Караваджо (1571, Милан — 1610, Порто-Эрколе, Тоскана) - ведущий итальянский живописец конца XVI - начала XVII веков.
В то время как большинство других итальянских художников его времени следовали элегантным традициям живописи позднего маньеризма, Караваджо изображал библейские сюжеты как жестокие и часто кровавые драмы. Он инсценировал события далекого священного прошлого так, как будто они происходили в его дни. Он подчеркивал человечность Христа и его последователей. Он разработал весьма оригинальную форму светотени, используя экстремальные контрасты светлого и темного, чтобы подчеркнуть детали жеста или выражения лица. Его влияние на развитие западного искусства было огромным. Творчество Караваджо повлияло на творчество Рембрандта в Голландии, Диего Веласкеса в Испании и Теодора Жерико во Франции.

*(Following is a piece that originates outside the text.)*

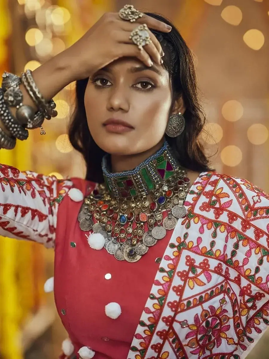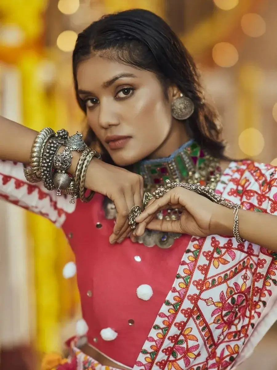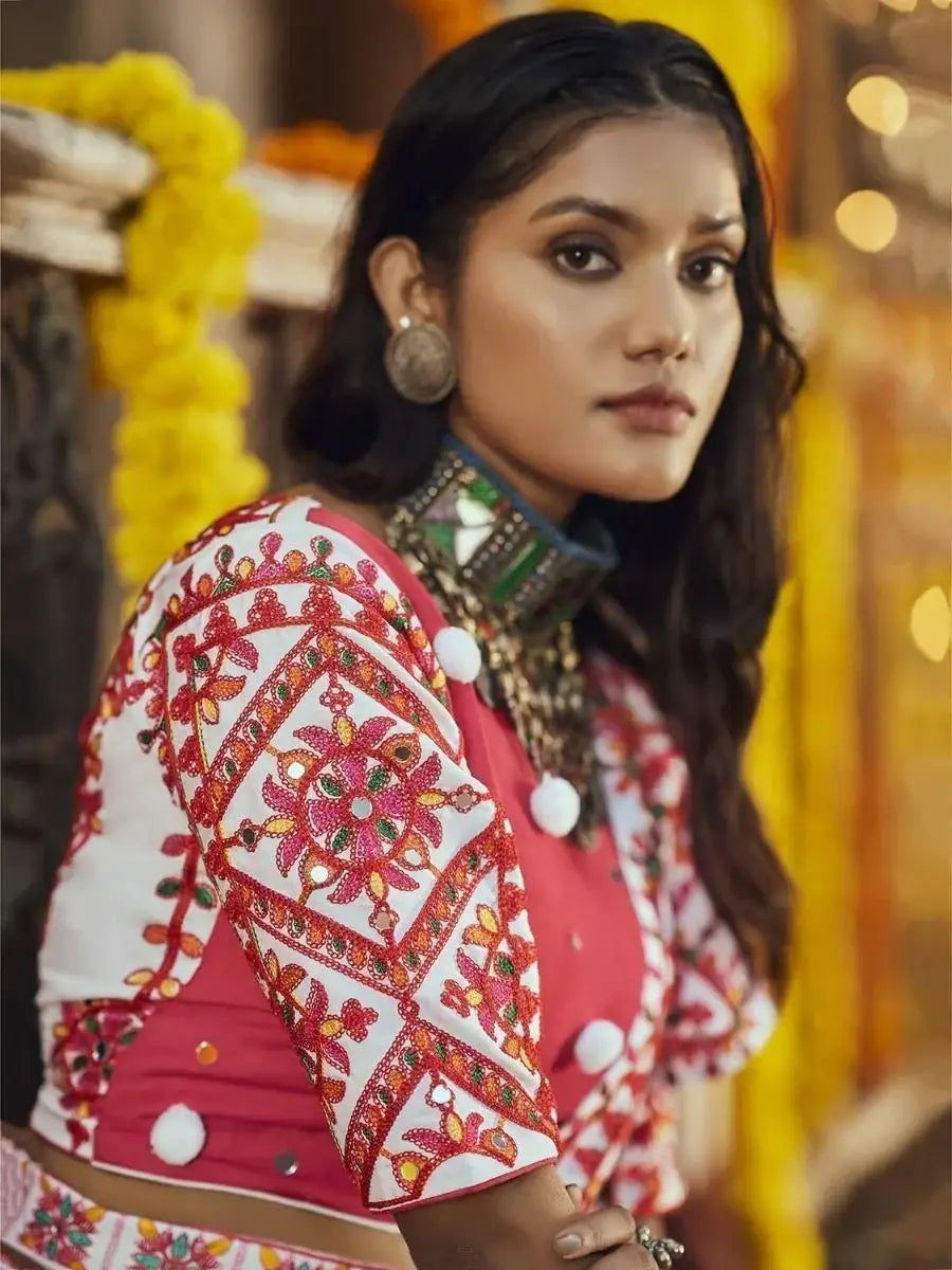 This charming fancy chaniya comes with deep pink color maslin cotton fabric half sleeves and boat neck choli designed with thread embroidered with mirror work and white color similar fabric dupatta crafted with thread embroidered with all-over mirror pasting work stall style dupatta work(2.30 mtr).

Репутация Караваджо была омрачена как при его жизни, так и после его безвременной кончины бурными и в конечном счете трагическими обстоятельствами его личной жизни. Он совершил убийство и насильственное нападение, находясь на пике своего успеха в Риме, и большую часть своей дальнейшей карьеры провел в бегах от правосудия.
Его можно было бы назвать идеальным старым мастером для своего времени, влюбленным в идею знаменитости и находящимся в плену культа обреченного на саморазрушение гения. Искусствовед Эндрю Грэм-Диксон считает, что на самом деле он был тонким, чувствительным и интеллектуально амбициозным художником. Тщательное изучение архивной информации о нем, его друзьях и врагах, значительно расширенной в результате исследований конца 20—го века в архивах Рима, Неаполя и Мальты, показало, что даже его самые, казалось бы, импульсивные поступки подчинялись определенной логике, даже если это была логика кровной мести. Он был жестоким человеком, но он жил в жестокие времена, и против него было совершено не меньшее количество прегрешений, чем совершил он сам.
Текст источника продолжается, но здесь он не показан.